Roivant’s autoimmune treatment impressed in a phase 2 trial, reporting treatment failure rates among patients with non-infectious uveitis (NIU) that executives touted as the best seen in active studies.
The company, known for turning shelved pharma assets into valued medicines, believes it has struck gold once more, with Roivant’s leadership using Tuesday’s readout to allude to brepocitinib’s blockbuster potential.
“With data like the data we’re generating, we just feel highly confident,” CEO Matt Gline told investors.
The phase 2 trial enrolled 26 patients with the inflammatory eye condition, with 17 receiving 45 mg of brepocitinib and nine receiving a 15 mg dose. Roivant found that at week 24, 29% of patients receiving 45 mg of once-daily brepocitinib and 44% of patients receiving 15 mg reached the pre-specified criteria for treatment failure, meeting the study’s primary endpoint. Treatment failure was defined as a worsening in one of three measurements assessing either vision or eye irritation, where lower rates are indicative of greater benefits from the therapy.
When discontinuations were censored from the analysis, the treatment failure rate for the 45 mg arm was 18%. The treatment failure rates at both doses were lower than the performance of AbbVie’s blockbuster Humira in a previous phase 3 trial for NIU, the company pointed out in a presentation to investors.

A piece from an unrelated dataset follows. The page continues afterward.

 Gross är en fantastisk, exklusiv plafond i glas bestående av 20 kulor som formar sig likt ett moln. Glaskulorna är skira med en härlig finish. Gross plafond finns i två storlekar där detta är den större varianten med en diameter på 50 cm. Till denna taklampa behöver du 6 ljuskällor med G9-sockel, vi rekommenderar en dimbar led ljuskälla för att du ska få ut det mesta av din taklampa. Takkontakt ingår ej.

Roivant also reported that all secondary endpoints were “positive and dose-responsive” at the 24-week mark.
“Against that backdrop, we are thrilled to see a failure rate of only 29% in the brepocitinib 45 mg arm, better than any precedent study was able to achieve even with more lenient tapers,” Ben Zimmer, CEO of Roivant’s Priovant unit, said in a release.
Roivant said brepocitinib was well-tolerated with one treatment-emergent adverse event reported in the 15 mg dose group. No new safety signals have arisen, the company added.

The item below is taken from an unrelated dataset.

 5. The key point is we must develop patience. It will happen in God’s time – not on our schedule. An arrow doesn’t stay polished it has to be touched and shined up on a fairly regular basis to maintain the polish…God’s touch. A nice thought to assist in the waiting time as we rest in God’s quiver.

Brepocitinib was snagged from Pfizer in 2022. Roivant had also been exploring the drug in lupus but dropped that program in November after it failed to demonstrate an improvement in disease activity in a phase 2 study.
Luckily for Roivant, today’s readout means it’s full-steam ahead for brepocitinib development in NIU, including a phase 3 trial slated to get underway in the second half of 2024. Gline said it’s “relatively unlikely” that Roivant would include a Humira comparator arm in the upcoming late-stage study but said plans will be cemented after an end-of-phase-2 meeting with the FDA.
As for the asset’s dermatomyositis indication, a phase 3 trial is set to be fully enrolled by the third quarter. On today’s call, Zimmer loosely co-signed an investor’s back-of-the-napkin math that data could be expected in the second half of 2025. The expectation is that more indications could soon be tacked onto the development plan, with Gline telling investors: “We have a lot of ideas.”
“Every time we read out positive data with this compound and look at it, it makes us feel like we should be doing more with it,” Gline added.